Take root-finding. The same cubic — 4x³ − 11x² + 15x − 5 — solved four ways: bisection,
false position, fixed-point iteration, and the secant method. Calling one black-box
root-finder, they’d all look identical: a number comes out. Implementing them, the differences
become physical. Bisection cannot fail to converge if you bracket a sign change, but it crawls,
halving the interval each step. The secant method needs no derivative and races by comparison — and
will happily fly off to nowhere if the function misbehaves. “Guaranteed but slow” versus “fast but
fragile” stops being a sentence in a textbook and becomes a thing you watch happen in an iteration
counter.
The linear-systems work made the same point louder. Solving Ax = b with Gauss elimination, I
had to add partial pivoting myself — and the row swap isn’t bookkeeping, it’s the line between a
clean answer and dividing by a near-zero pivot and watching the solution detonate. Then LU
decomposition (reusing the factors to also build a full inverse) and the iterative
Gauss–Seidel method, which converges only if the system cooperates. You learn what “the system
cooperates” means by writing the loop that does or doesn’t settle.

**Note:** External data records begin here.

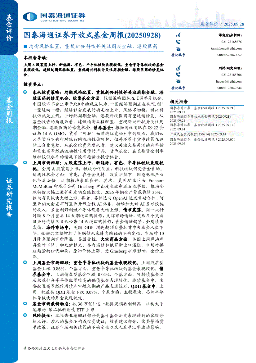 国泰海通证券-开放式基金周报:均衡风格配置,重视新兴科技并关注周期金融、港股医药-250928
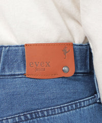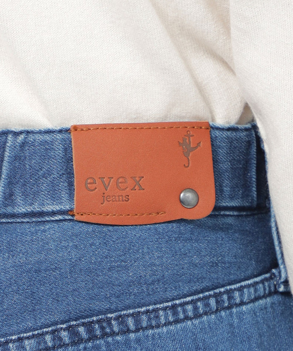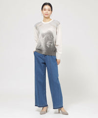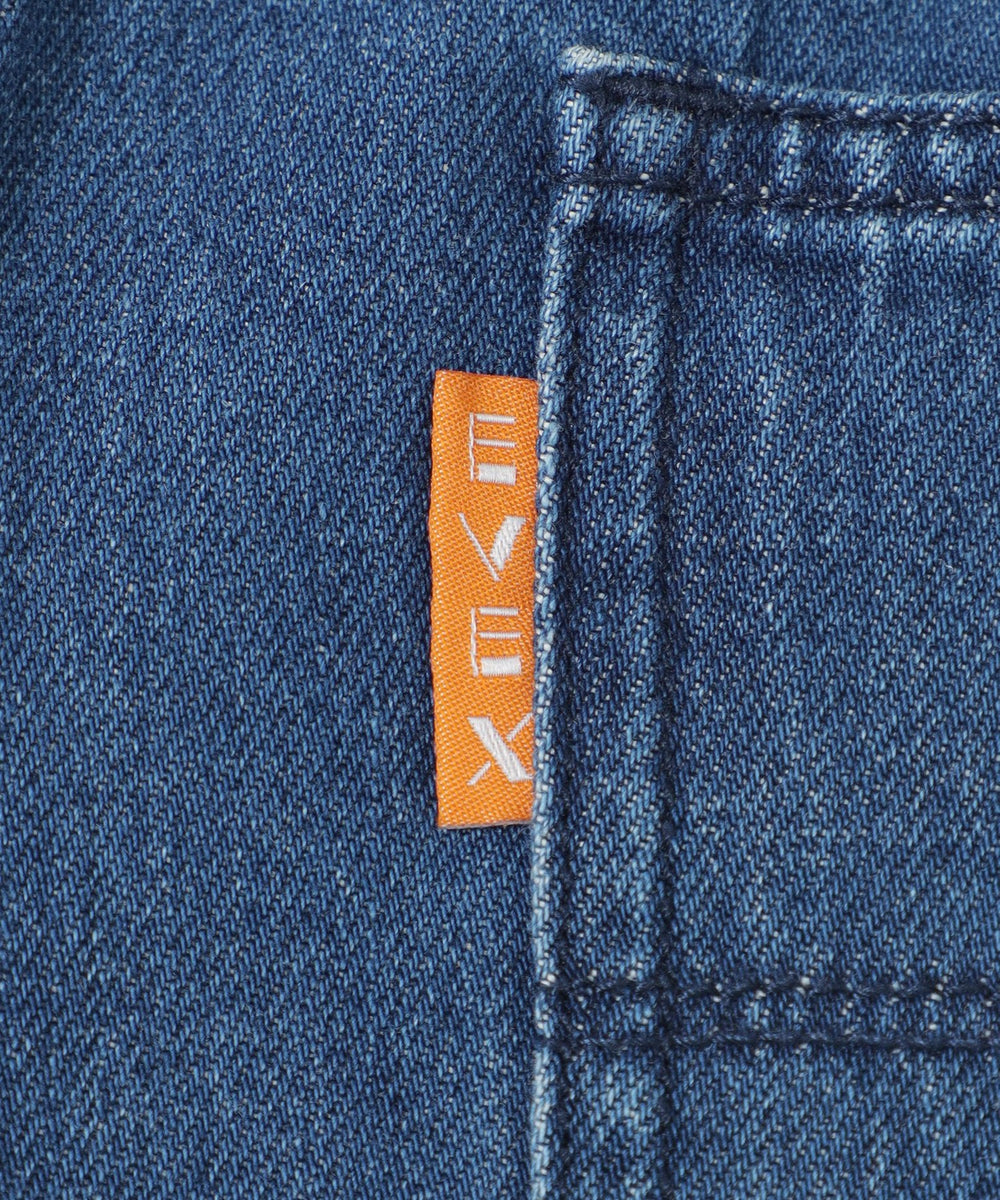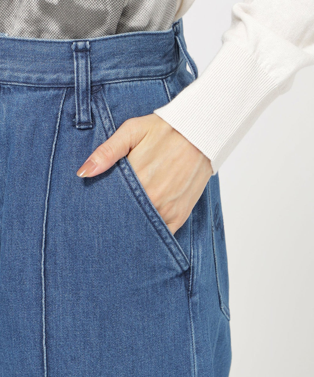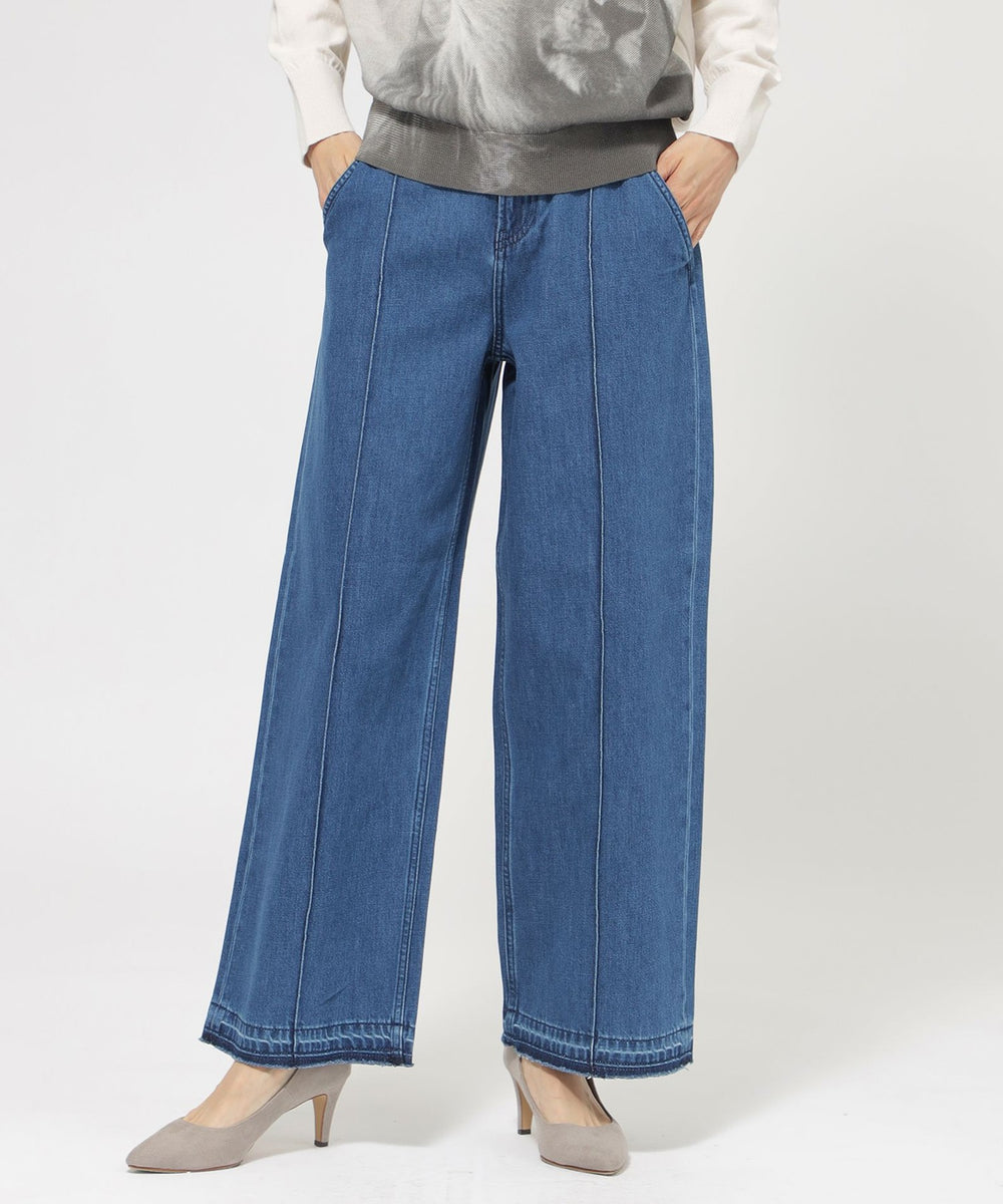 ストレートフレアデザインで、スラッと裾にかけて伸びるシルエットを表現したパンツ。脚の形を拾わないシルエットとピンタックの効果で、足をすらっと長く見せます。あえてヒゲやブラストを入れず、キレイ目なデニムに仕上げました。裾は三つ折りを洗った後に解いており、色むらと断ち切りのラフ感がカジュアルな雰囲気をプラスしてくれるデニムです。
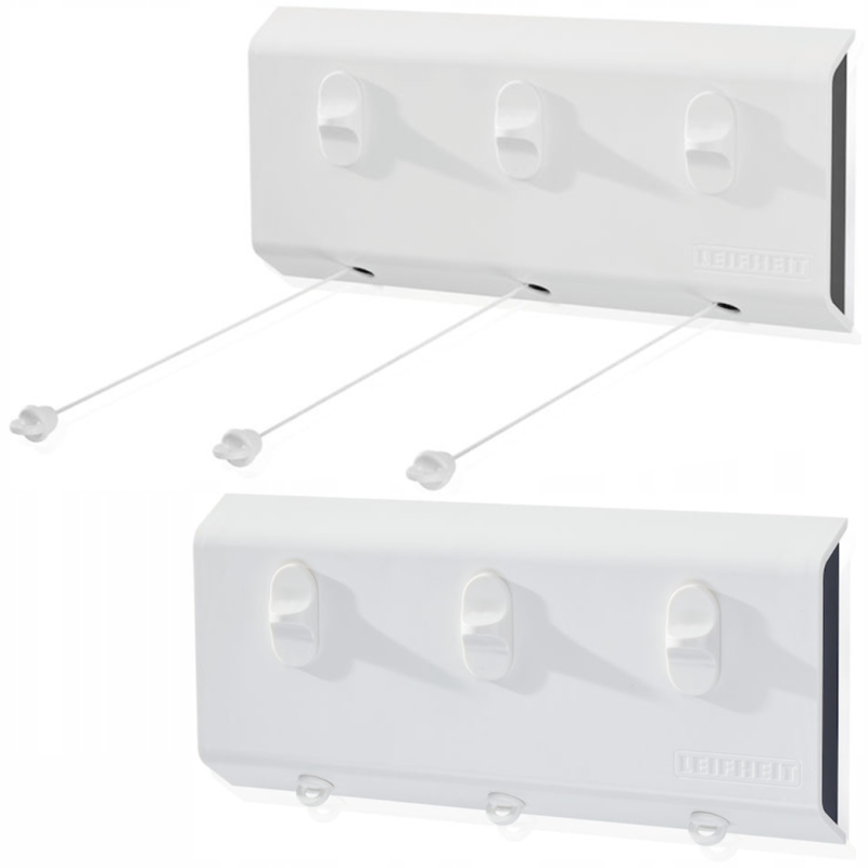 Elastyczna, łatwa w obsłudze i zajmująca mało miejsca suszarka ścienna Rollfix sprawia, że rozwieszanie prania jest jeszcze szybsze i wygodniejsze. Model ten został wykonany z wytrzymałego tworzywa sztucznego odpornego na warunki atmosferyczne, więc można używać go zarówno wewnątrz domu, jak i na balkonie czy w ogrodzie. Suszarkę mocuje się na ścianie, a po przeciwnej stronie umieszcza się haki, na których będzie można zaczepić trzy indywidualnie rozciągane linki. Elementy, które są niezbędne do zamontowania suszarki, znajdują się w zestawie.
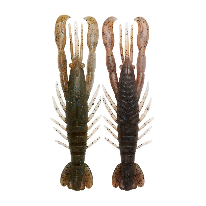 The Bottom Up Hurry Shrimp imitates the delicate behavior of shrimp with a natural micro-vibration that strongly stimulates a bass’s predatory instincts.The claws vibrate at high speed during falls and swimming.Thethickness and length of the body and legs were carefully examined during designs, and slight vibrations are made at every invitation.In particular, the action of slightly vibrating at an ultra-high pitch with no sinker fall imitates the shrimp rushing to scratch the water and drift. The tail, which looks like a fan, blows water and causes water push.In a no-sinker rig, it also acts as a water receiver that creates a kickback movement by bending the body into a dogleg. use it on a Texas Rig, Down Shot, neko rig, or remove the tail and you have an excellent jig trailer or no sinker rig.
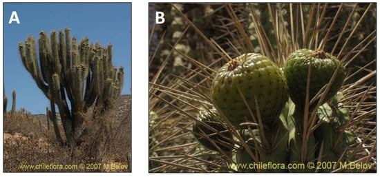 Eulychnia acida. (A) Detail of the tree. (B) Leaves of the fruit. (www.chileflora.com) (accessed on 18 January 2023).
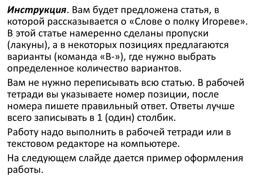 Инструкция. Вам будет предложена статья, вкоторой рассказывается о «Слове о полку Игореве».
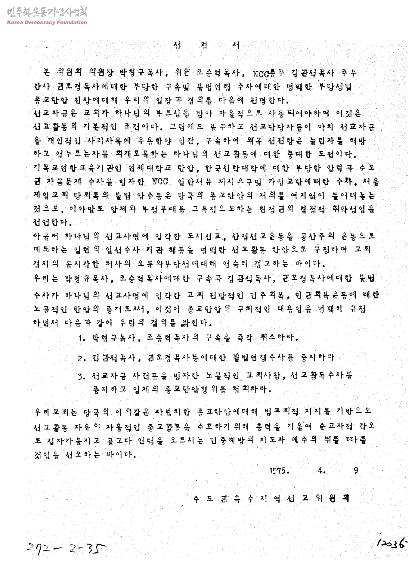 [박형규목사, 조승혁목사, 김관석목사, 권호경목사에 대한 부당한 구속및 불법연행수사에 관련된 성명서]

The rest filled in the corners: a multiple linear regression through the normal equations
(B = (XᵀX)⁻¹XᵀY), reporting coefficients and residuals; a third-order Lagrange interpolation
pulling a thermistor’s resistance at 33 °C out of a four-point calibration table; and
definite integrals by the composite Simpson’s 1/3 rule, where the only real decision is how many
intervals buy enough accuracy without wasted effort.
The takeaway is small and it stuck: a built-in solver hides exactly the things that bite you —
pivoting, convergence, step size, the bracket you forgot to check. Writing the method by hand
doesn’t make you faster than the library; it makes the library’s failure modes concrete, so the
next time Ax = b returns garbage you know which of your assumptions just broke.